**Data:**
····················

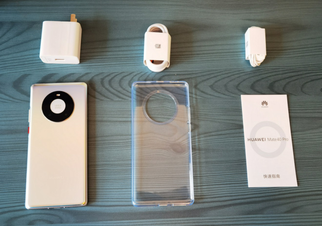 开箱过程就不详细说了,这次华为Mate40 Pro的主要配件有透明硅胶壳,充电头,数据线,说明书和耳机等。基本上该有的都有,并不需要另配充电头和耳机,甚至买手机硅胶壳的钱都省了。而站在苹果的层面上来评价的话,嗯,这很不环保(笑)。
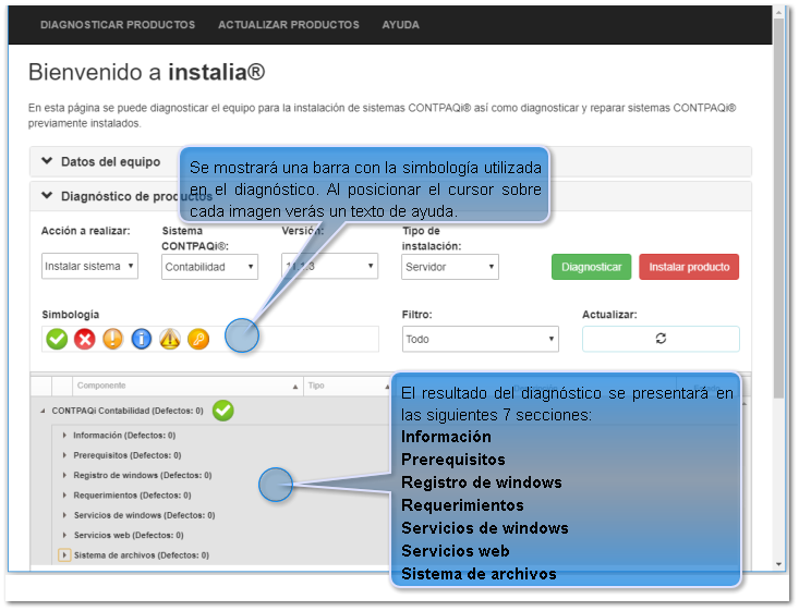 Para lograr un proceso de instalación fácil y completo, instalia® realiza un diagnóstico previo para verificar que los requerimientos Microsoft® SQL Server® y NET Framework estén instalados en el equipo.
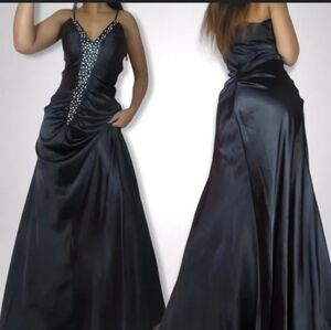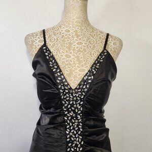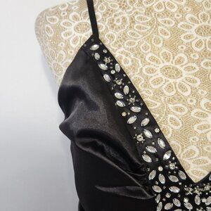 Le Cirque Women's Size M Black Rhinestone Embellished Ruched Satin Long Sleeveless V-Neck Lined Adjustable Strap Side Zip Closure Evening Ball Gown Dress Formal Party Gently Pre-Owned Excellent Condition Reasonable Offers Welcome
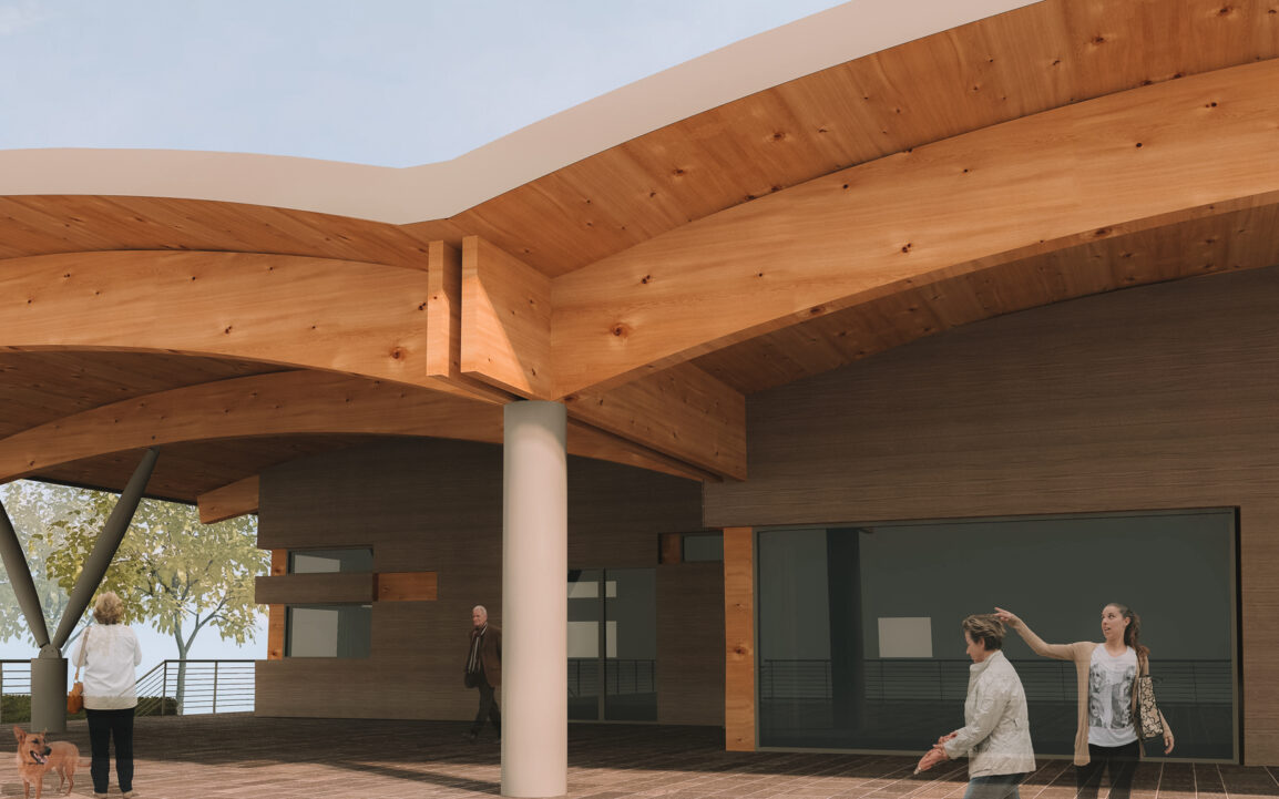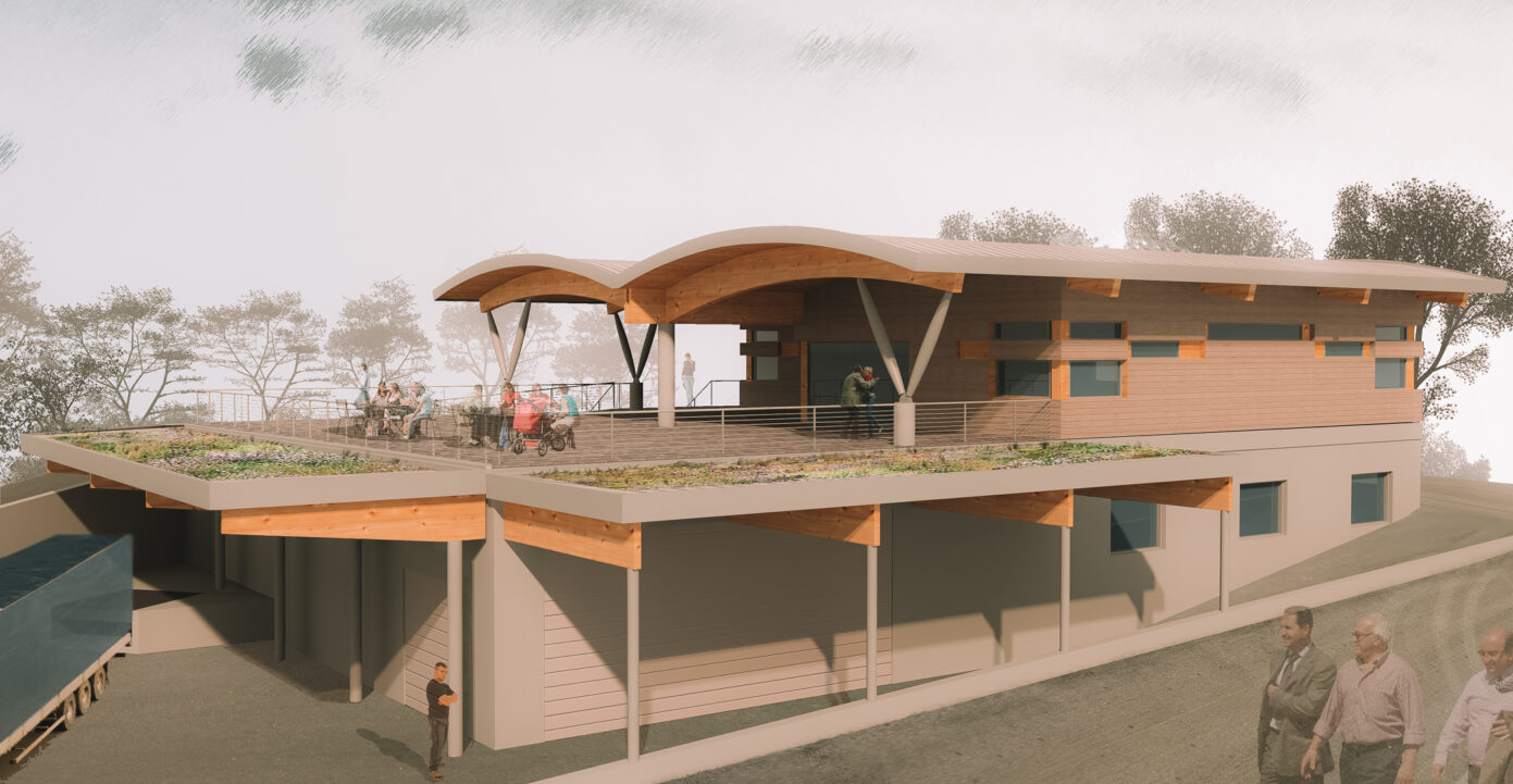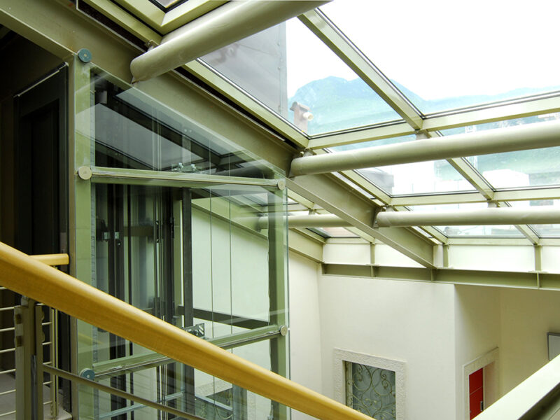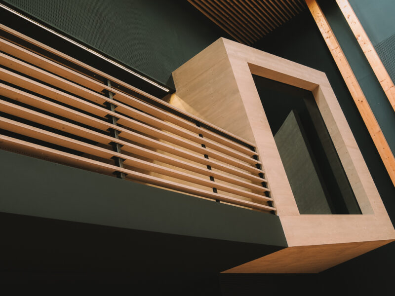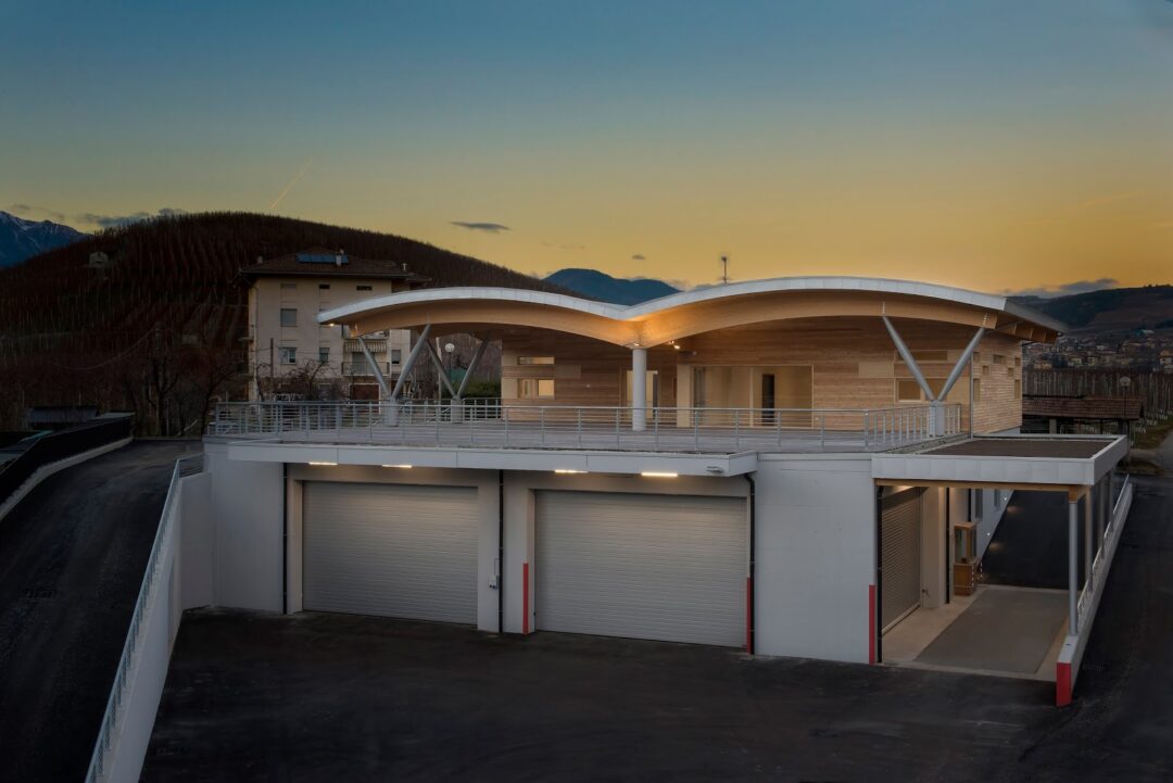 L’edificio si affaccia sulla vallata con una doppia copertura incurvata in legno lamellare, quasi come un uccello pronto a spiccare il volo.

····················

**Work item:** An exact transcript is required, covering the lines from the one containing "Para lograr un" through the end of the listing above, inclusive, without pictures.

**Output of the exercise:**
 Para lograr un proceso de instalación fácil y completo, instalia® realiza un diagnóstico previo para verificar que los requerimientos Microsoft® SQL Server® y NET Framework estén instalados en el equipo.
 Le Cirque Women's Size M Black Rhinestone Embellished Ruched Satin Long Sleeveless V-Neck Lined Adjustable Strap Side Zip Closure Evening Ball Gown Dress Formal Party Gently Pre-Owned Excellent Condition Reasonable Offers Welcome
 L’edificio si affaccia sulla vallata con una doppia copertura incurvata in legno lamellare, quasi come un uccello pronto a spiccare il volo.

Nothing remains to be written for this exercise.